Syaikhul Islâm Ibnu Taimiyyah semoga Allâh merahmatinya telah menyebutkan Al-Imâm Abû Hanîfah termasuk dari para imâm terkenal yang menetapkan sifat-sifat bagi Allâh Subhânahu wa Ta'âlâ.
Jika keberadaan Al-Imâm Abû Hanîfah termasuk murji'ah sebagaimana telah memperjelas demikian orang-orang itu, maka apakah mereka mengetahui dari mana Al-Imâm Abû Hanîfah mengambil perkataannya?! Karena sesungguhnya beliau mengatakan: "Tidak boleh bagi seseorang untuk mengambil perkataan kami selama dia tidak mengetahui dari mana kami mengambilnya."
Beliau juga mengatakan: "Tidak boleh bagi seseorang untuk berfatwâ dari tulisan-tulisanku sampai dia mengetahui dari mana aku mengatakannya." Atau beliau katakan: "Harâm bagi orang yang tidak mengetahui dalîlku untuk berfatwâ dengan perkataanku."
Beliau juga katakan: "Jika telah shahîh hadîts maka itulah madzhabku."
Inilah madzhab Al-Imâm Abû Hanîfah semoga Allâh merahmatinya, dan berkata Ibnu Abil 'Izz semoga Allâh merahmatinya: "Ath-Thahâwî meriwayatkan suatu riwayat Abû Hanîfah bersama Hammâd bin Zaid, bahwa Hammâd bin Zaid tatkala meriwayatkan kepadanya hadîts: "Islâm manakah yang paling utama?

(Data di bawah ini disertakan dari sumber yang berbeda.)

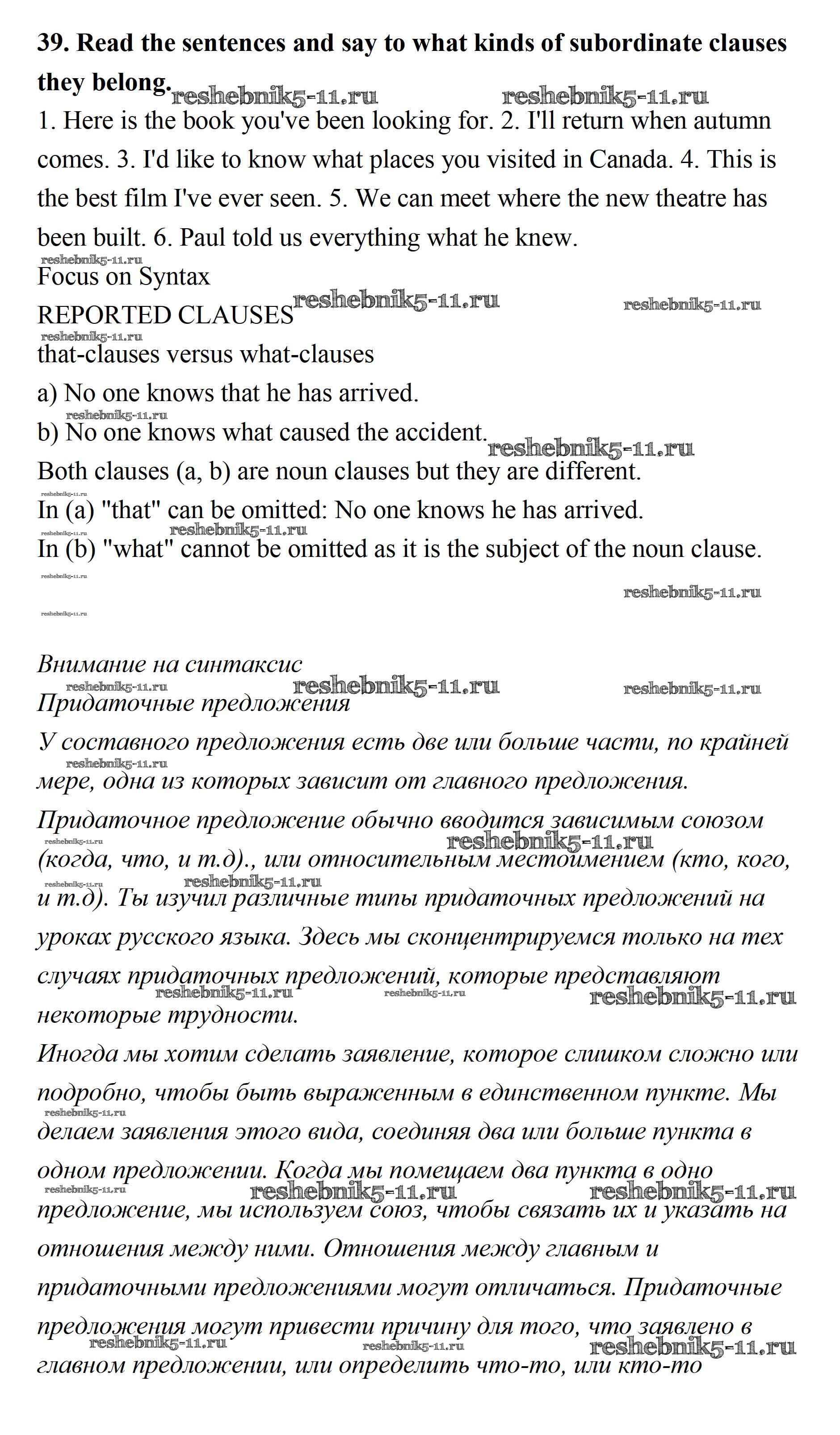 Готовая домашняя работа с ответами по Английскому языку за 11 класс Афанасьева, Михеева Учебник Углубленный уровень Просвещение 2015 ФГОС - Unit 2. Town and Its Architecture 39
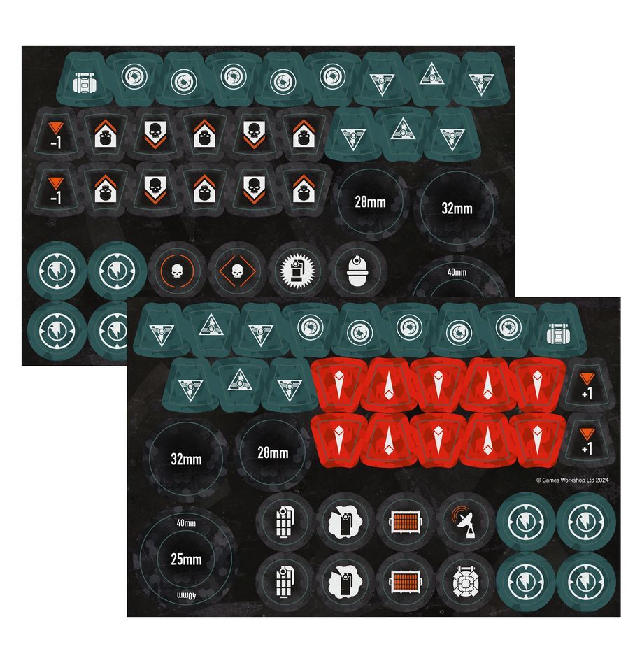 В коробке также есть лист с 28 двухсторонними жетонами Tempestus Aquilons, чтобы легко отслеживать ваше снаряжение и игровые эффекты в разгаре битвы.

Sampai pada akhir hadîts. Beliau berkata kepadanya: Tidakkah kamu melihatnya mengatakan: "Islâm manakah yang paling utama? Beliau berkata: "Îmân, kemudian menjadikan hijrah dan jihâd termasuk îmân?." Lalu Abû Hanîfah terdiam. Maka berkatalah sebagian murid-muridnya: "Kenapa engkau tidak menanggapinya?." Beliau menjawab: "Dengan apa aku akan menanggapinya dalam keadaan dia menceritakan ini kepadaku dari Rasûlullâh Shallallâhu 'Alaihi wa Sallam."
Adapun perkataan Al-Imâm Abû Hanîfah semoga Allâh merahmatinya tentang penamaan îmân bahwasanya îmân adalah keyakinan di dalam hati dan mengucapkan dengan lisân, bahwasanya perbuatan berada di luar dari hakekat îmân maka ini sungguh telah disebutkan oleh Al-Imâm Ibnu 'Abdil Barr dan Ibnu Abil 'Izz apa yang menurutnya bahwa beliau telah rujû' (mencabut pendapatnya) itu, dan Allâh Yang Lebih Mengetahui.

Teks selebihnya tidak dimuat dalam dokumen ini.